• PROBLEM TO SOLVE: A faithful copy of each record is required, minus the images.

• DATASET RECORDS:
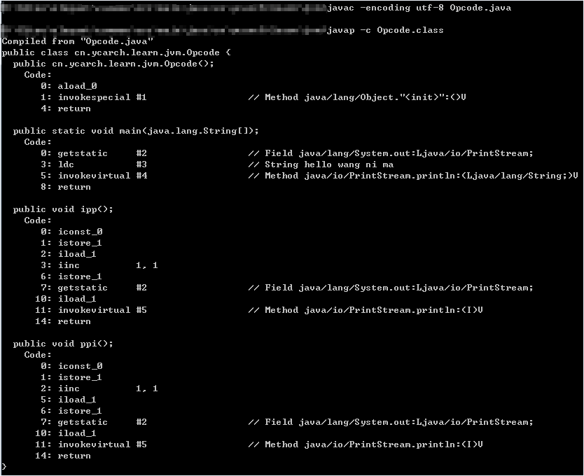 我们用javac编译上面的Opcode.java,然后“javap -c”查看字节码:
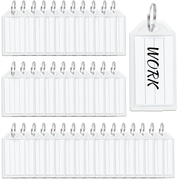 Plastique Clé Étiquette Avec Anneau Fendu Marque Bagage Étiquettes 56x29mm 5 Couleurs Pour Bureau H Tel 40 En 1 Kit Caractéristiques : l'étiquette est transparente des deux côtés, de sorte que vous pouvez obtenir plus de messages à partir de papier double face, faire une identité sur le bagage est pratique pour vous de comprendre rapidement ; traité avec un processus spécial sur la surface et le bord pour une sensation lisse au toucher, vous pouvez... Porte Clef Hotgod Lot De 100 étiquettes De Bagage En Plastique Avec Anneau Porte Anneau Porte Clé Dimensions de l’étiquette : 5,5 x 3 cm. La fenêtre de l’étiquette peut facilement s’ouvrir et se fermer, la carte peut être remplacée à chaque fois sans retirer la fixation de l’anneau. Hotgod Lot de 100 étiquettes de bagage en plastique avec anneau porte... Diamètre de l’anneau porte-clés : 2 cm., Quantité : 100 pièces. Utilisation pratique et en toute sécurité. Inclus dans la livraison : 100 étiquettes blanches avec anneau porte-clés. Inclus dans la livraison : 100 étiquettes en plastique avec anneau porte-clés.
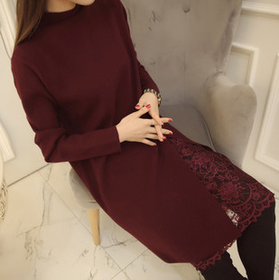 2015新款韓版長(zhǎng)款毛衣連衣裙半高領(lǐng)套頭下開(kāi)叉蕾絲下擺女款 /
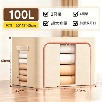 佳帮手布艺收纳箱 衣服棉被整理箱衣物储物箱百纳箱 米色 100L2只装
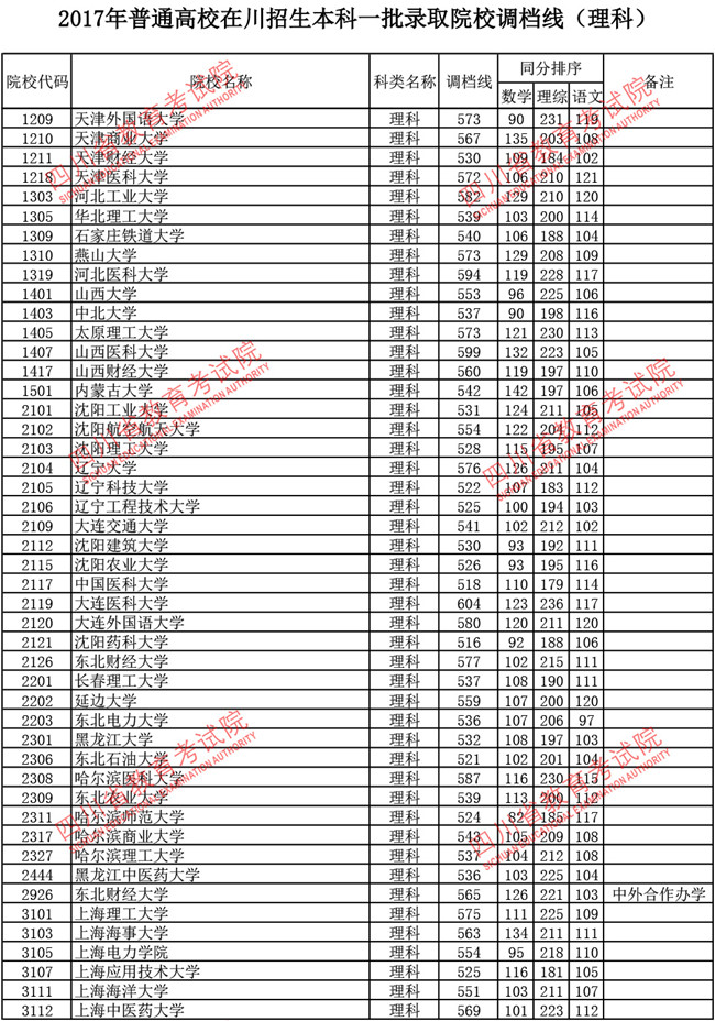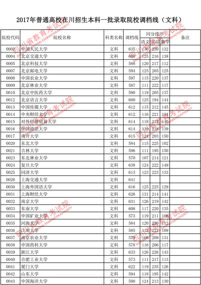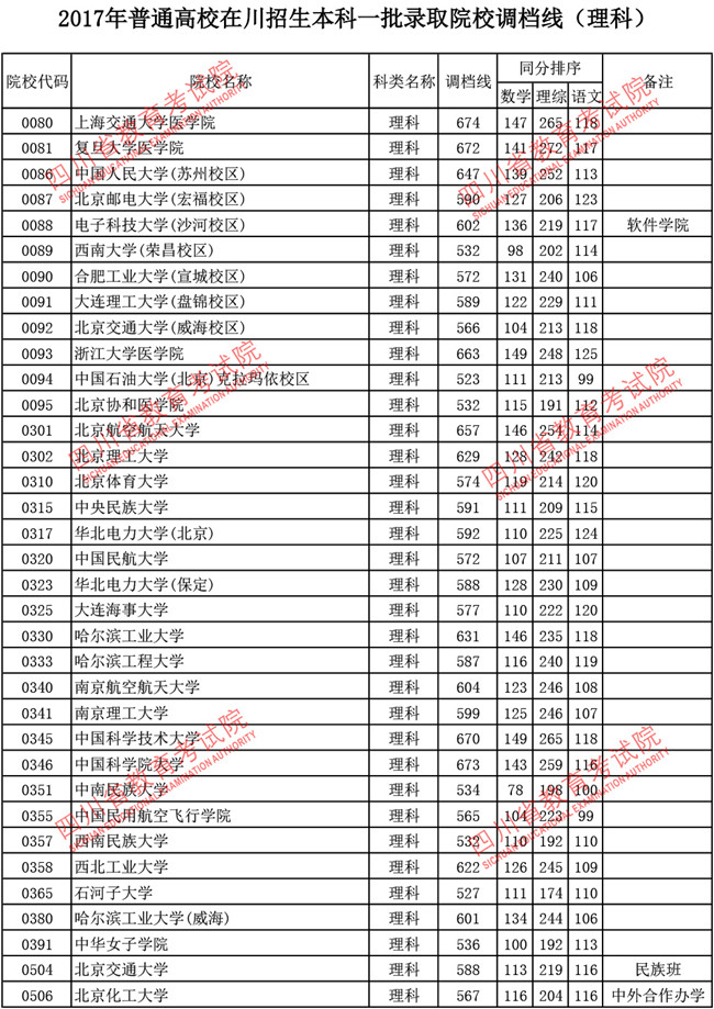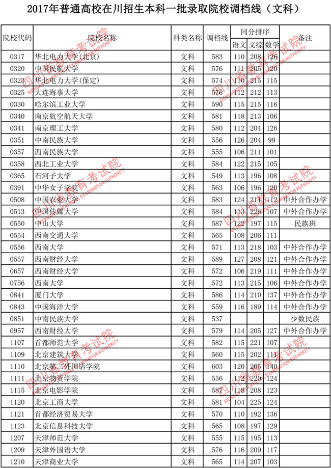 2017年普通高校在川招生本科一批调档线

• RESPONSE AREA:
 我们用javac编译上面的Opcode.java,然后“javap -c”查看字节码:
 Plastique Clé Étiquette Avec Anneau Fendu Marque Bagage Étiquettes 56x29mm 5 Couleurs Pour Bureau H Tel 40 En 1 Kit Caractéristiques : l'étiquette est transparente des deux côtés, de sorte que vous pouvez obtenir plus de messages à partir de papier double face, faire une identité sur le bagage est pratique pour vous de comprendre rapidement ; traité avec un processus spécial sur la surface et le bord pour une sensation lisse au toucher, vous pouvez... Porte Clef Hotgod Lot De 100 étiquettes De Bagage En Plastique Avec Anneau Porte Anneau Porte Clé Dimensions de l’étiquette : 5,5 x 3 cm. La fenêtre de l’étiquette peut facilement s’ouvrir et se fermer, la carte peut être remplacée à chaque fois sans retirer la fixation de l’anneau. Hotgod Lot de 100 étiquettes de bagage en plastique avec anneau porte... Diamètre de l’anneau porte-clés : 2 cm., Quantité : 100 pièces. Utilisation pratique et en toute sécurité. Inclus dans la livraison : 100 étiquettes blanches avec anneau porte-clés. Inclus dans la livraison : 100 étiquettes en plastique avec anneau porte-clés.
 2015新款韓版長(zhǎng)款毛衣連衣裙半高領(lǐng)套頭下開(kāi)叉蕾絲下擺女款 /
 佳帮手布艺收纳箱 衣服棉被整理箱衣物储物箱百纳箱 米色 100L2只装
 2017年普通高校在川招生本科一批调档线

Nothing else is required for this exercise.